Caballeros
Leo en
una furgoneta que suele estar aparcada cerca de mi casa: “Orden Hospitalaria de
los Caballeros de Malta”. En efecto, el escudo de la Orden de Malta (como me
enseñaron, formado a partir de la representación de las letras de la palabra
<<Jesucristo>> en griego), con su cruz blanca engastada sobre fondo
rojo, luce en el lateral de la furgoneta, igual que lo he visto adornando la
entrada de un comedor social donde gente del barrio (de mi barrio; en épocas
antiguas eso hubiera significado un vínculo, al menos mayor de lo que implica
hoy en día) acude a comer porque no tienen otra cosa, si acaso –y en la medida
en que se lo preserva el anonimato del comedor- la dignidad. Es fascinante la
historia de la Orden Militar y Hospitalaria de los Caballeros de Malta, creada
originalmente por caballeros amalfitanos como una institución en parte
religiosa y en parte laica, estructurada en un modo muy similar a la Orden del
Temple, y que que curaba a tanta gente en hospitales como a la que mandaba a fallecer
en los mismos, especialmente en el momento en que llegó a Jerusalén. Allí, se
hizo con el control de la ciudad santa, y las leyendas afirman que, tras entrar
a sangre y fuego en varios de los templos más sagrados (del de Salomón, a estas
alturas, no quedaban más que los lamentos), se apropiaron del arca de la
Alianza, que guardaron bajo custodia. Después, los árabes les expulsaron y se
refugiaron en la isla de Rodas -único lugar donde sobrevivieron mientras a sus
compañeros del Temple en Europa les daban para el pelo-, sobre la cual
construyeron augustas fortalezas separadas por lenguas y nacionalidades, y durante
varios siglos se dedicaron a actividades tan variadas como la atención de
enfermos y la piratería, hasta que les echaron otra vez y acabaron escondidos
en Malta, para comenzar el lento proceso (que aún perdura) de desvanecerse,
como casi todas las cosas, de manera silenciosa y discreta en la noche de los
tiempos. En su día, los caballeros medievales representaban el súmmum heroico y
de dignidad de la Europa Occidental. Defendían la santidad, la virtud, en
definitiva, se arreaban con todo bicho viviente. Hoy en día, las prioridades
por fortuna son otras. Los soldados han quedado reducidos a las misiones de
paz, a la disuasión táctica, y sólo extemporáneamente (casi siempre por culpa
de los poderes fácticos y políticos, en ocasiones por el clamor colaborativo de
turbas atroces y enfurecidas) se dedican a reproducir su misión original.
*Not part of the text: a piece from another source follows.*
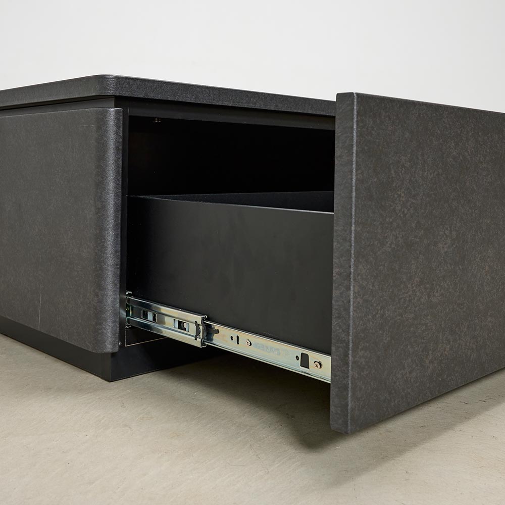 ■中央の引き出し2つには5mm厚のガラス窓仕様。閉めたままリモコン操作が可能です。また強化ガラスを使用しているため、万一破損しても鈍角の細かい粒状になるので安心です。
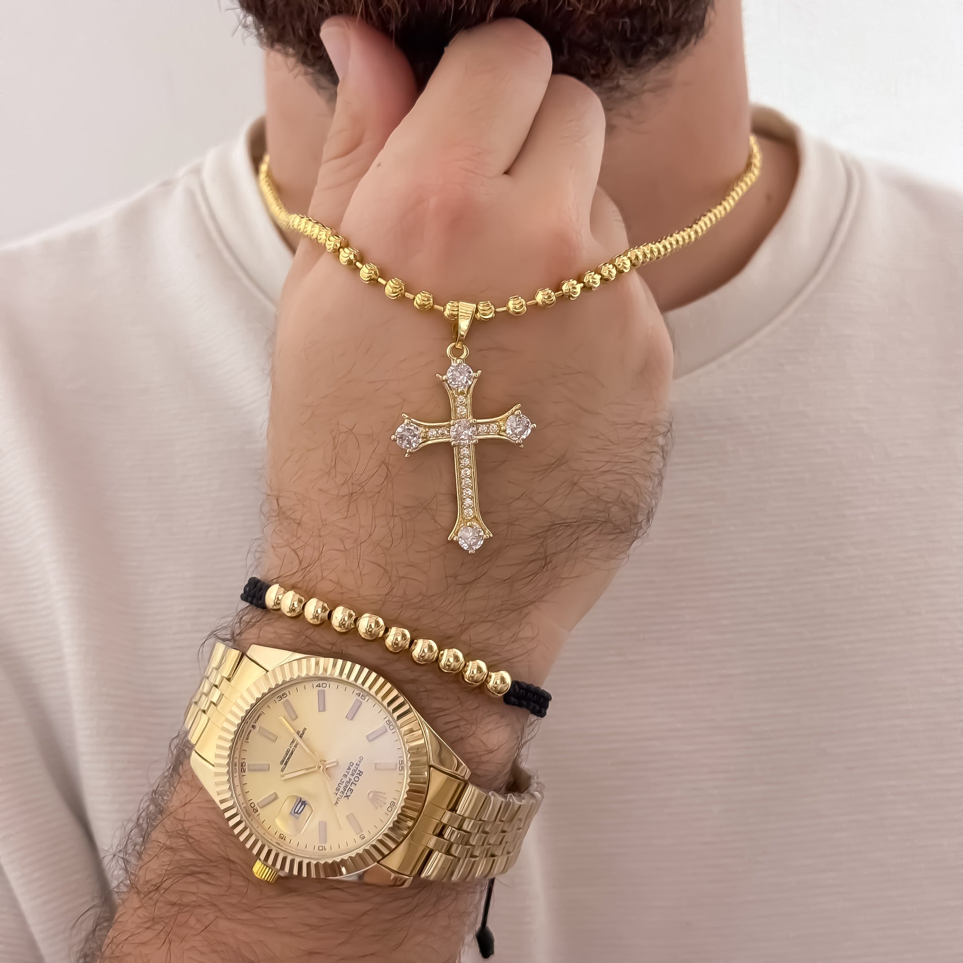 La cruz con circones simboliza fe y seguridad espiritual. Vestir con un reloj tipo Rolex, cadena militar y pulsera balín te da presencia, autoridad y estilo en cualquier lugar. Sentirte seguro de ti mismo, vestir con elegancia y mostrar que sabes elegir calidad a un precio justo.

Ahora, los héroes -les llames o no caballeros, o tal vez damas- son (o deberían ser) otros; gente que monta comedores y
consiguen que funcionen, que se dedican a actividades tan poco épicas como la administración o la logística. Individuos que nunca se han planteado
conquistar Jerusalén, pero procuran que a los vecinos del barrio no le falte su
pan. Quizás, un día de éstos, a una hora muy distante a la de comer, cuando no
se halle reunida la mesa en torno a Arturo, ya que éste ha incitado a sus
caballeros a recorrer ignotos caminos para encontrar el Grial, me acerque por
su local en mi barrio y, con la cabeza gacha, les pregunte por la ubicación del
Arca de la Alianza. Tal vez ellos, misericordes, abran con una oxidada y
pequeña llave la puerta de un armarito y me permitan mirar.